INSTRUCTIONS FOR THE TASK: Omit the pictures and return exactly the stretch of the material below from the line with "Troligen stod husen" through the line with "Das war Maßarbeit!".

RECORDS FOR PROCESSING:
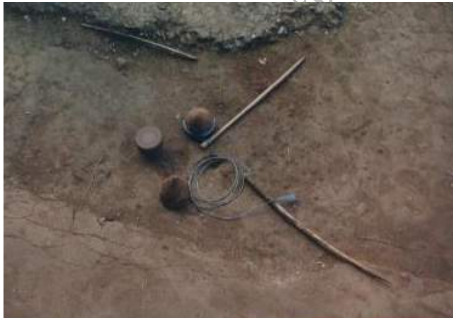
ภาพที่ 4.8 “ลูกข่าง” เครื่องเล่นของชาวม้ง

การละเล่นของม้งนั้นมีหลายชนิด เช่น การเดินรำม้ง ซอ ม้ง เป่าแคน เป่าปี่ เป่าขลุ่ย เป่าลิ้นทอง การเล่นล้อเลื่อนไม้ การเล่นลูกข่าง ลูกช่วง
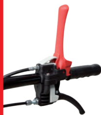
Doppio comando frizione hold-to-run Hold-to-run double clutch lever
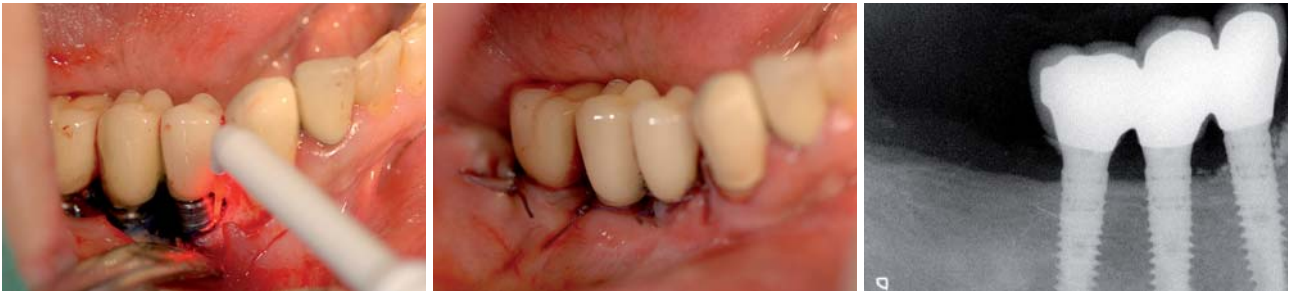
Abb. 16: Einsatz des HELBO-Lasers zur photodynamischen Therapie. – Abb. 17: Zustand nach Wundverschluss. – Abb. 18: Zustand nach Periimplantitistherapie.

destruktion an einem Implantat (Abb. 13). Die Patientin wurde mit analogem Protokoll behandelt, jedoch die Titanoberfläche mit einer speziellen Titanbürste gereinigt und mit Tigran Natix® grau augmentiert.
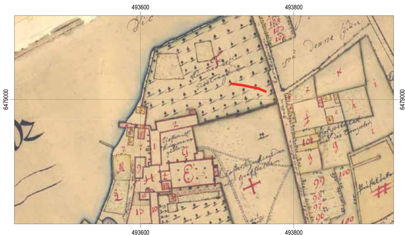
Figur 3. Undersökningsområdet mot bakgrund av 1705 års karta (LMA: D 121-1:3). Skala 1:3 000.

Troligen stod husen mer eller mindre oanvända från 1641 då delar av klosterbyggnaden revs och de återstående delarna av nunneklostret byggdes om till
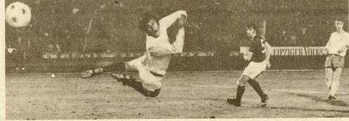
Das war Maßarbeit! Unahbar schlägt der von Streich mit Effet aufs Tor gezogene Ball hinter dem sich wertenden Schlussmann Clemence ein. Watson scheint das Unheil zu ahnen.
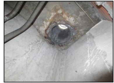
Photo N° 696 AMIANTE CIMENT 3 SAINT EXUPERY AU +4- PLACARDS GAZ Plafonds Ventilation haute (Fibres-ciment)
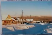
Вид со скалы Саранской

REPLY TO THE EXERCISE:
Troligen stod husen mer eller mindre oanvända från 1641 då delar av klosterbyggnaden revs och de återstående delarna av nunneklostret byggdes om till
Das war Maßarbeit! Unahbar schlägt der von Streich mit Effet aufs Tor gezogene Ball hinter dem sich wertenden Schlussmann Clemence ein. Watson scheint das Unheil zu ahnen.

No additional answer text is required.